## Task item
Output only the lines below from the one holding "The arguments in" down to the one holding "Naprava deluje skupaj", both end lines included and every picture dropped.

## Supplied records
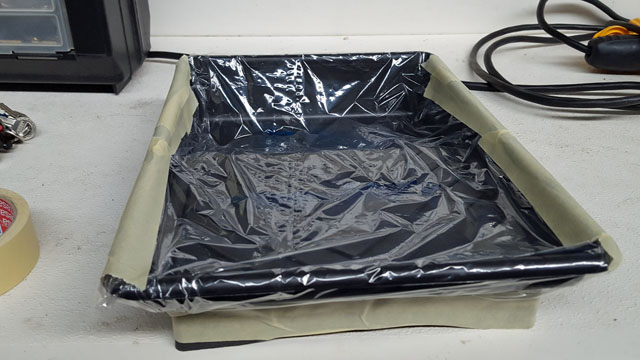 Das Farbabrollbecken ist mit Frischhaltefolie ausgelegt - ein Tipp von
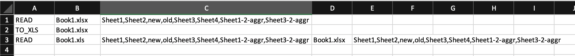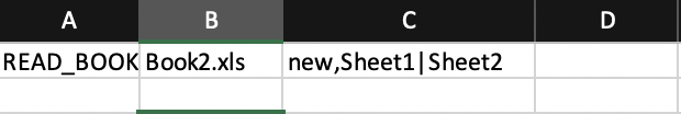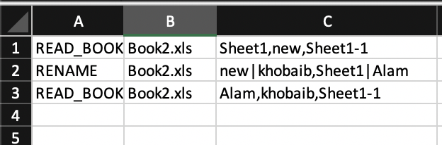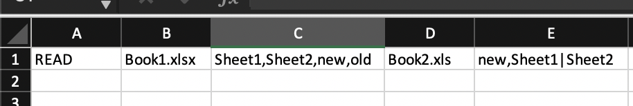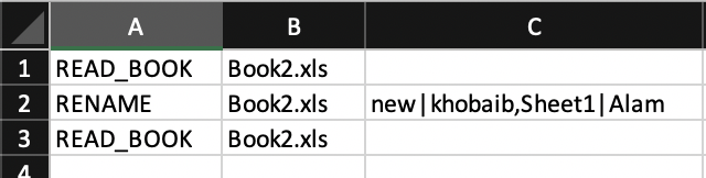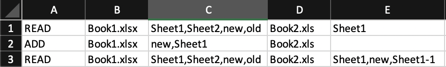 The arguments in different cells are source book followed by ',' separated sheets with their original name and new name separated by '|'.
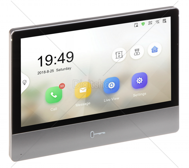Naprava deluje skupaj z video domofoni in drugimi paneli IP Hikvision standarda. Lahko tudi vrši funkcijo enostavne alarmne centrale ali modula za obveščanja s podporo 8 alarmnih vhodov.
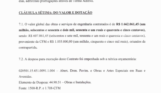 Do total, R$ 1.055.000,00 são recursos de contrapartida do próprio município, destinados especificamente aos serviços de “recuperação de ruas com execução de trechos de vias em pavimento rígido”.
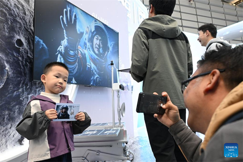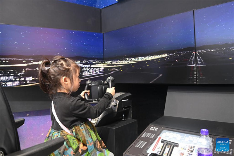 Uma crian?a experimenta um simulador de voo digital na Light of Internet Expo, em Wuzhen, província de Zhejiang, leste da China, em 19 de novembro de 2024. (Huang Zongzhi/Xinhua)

---

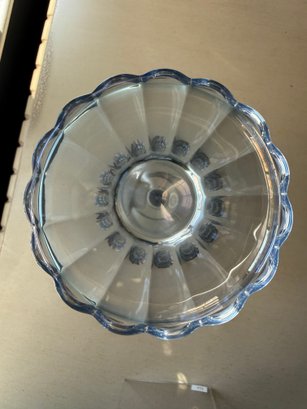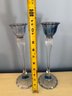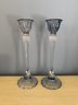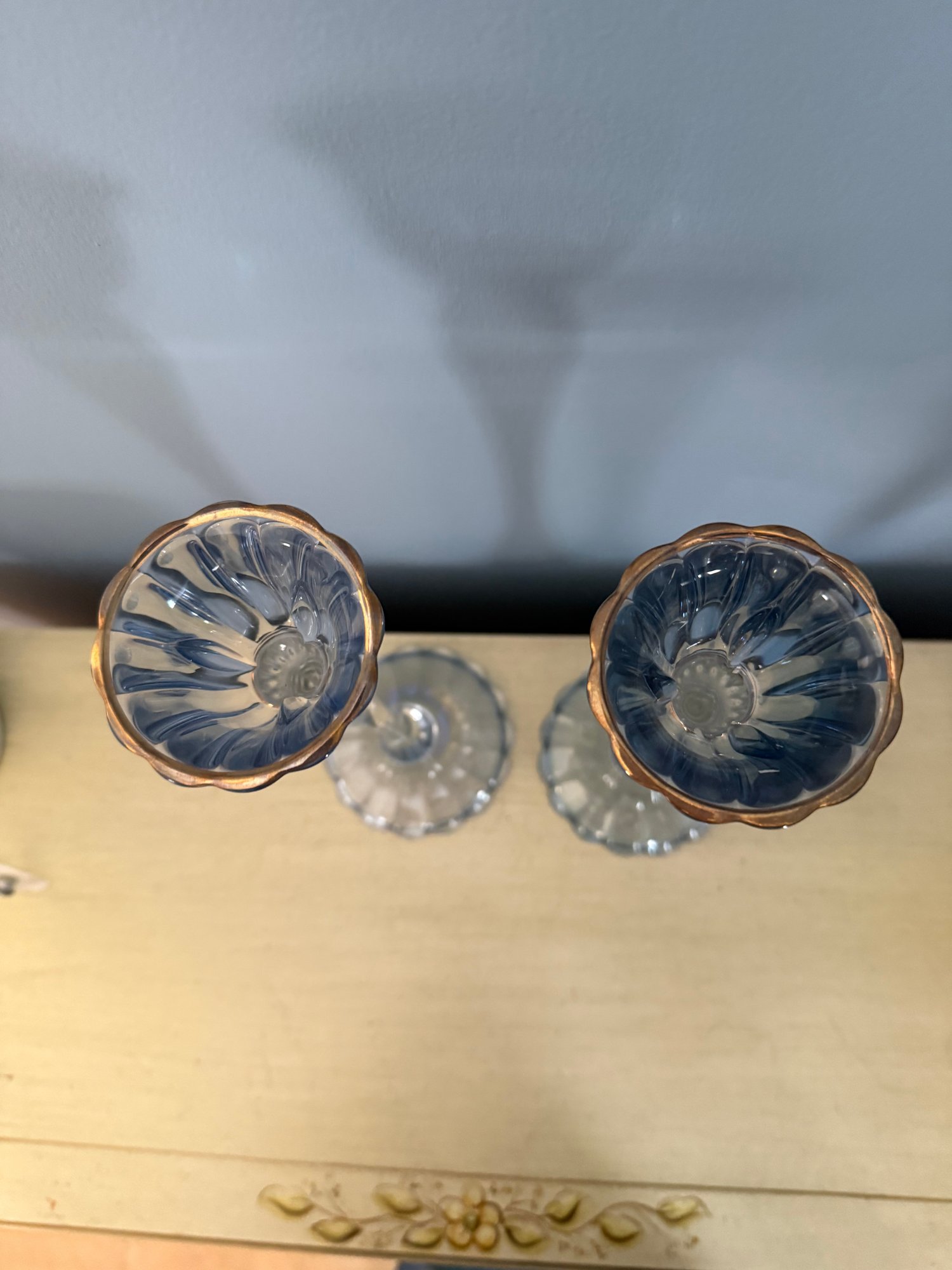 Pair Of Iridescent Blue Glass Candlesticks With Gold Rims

## Answer below
 The arguments in different cells are source book followed by ',' separated sheets with their original name and new name separated by '|'.
Naprava deluje skupaj z video domofoni in drugimi paneli IP Hikvision standarda. Lahko tudi vrši funkcijo enostavne alarmne centrale ali modula za obveščanja s podporo 8 alarmnih vhodov.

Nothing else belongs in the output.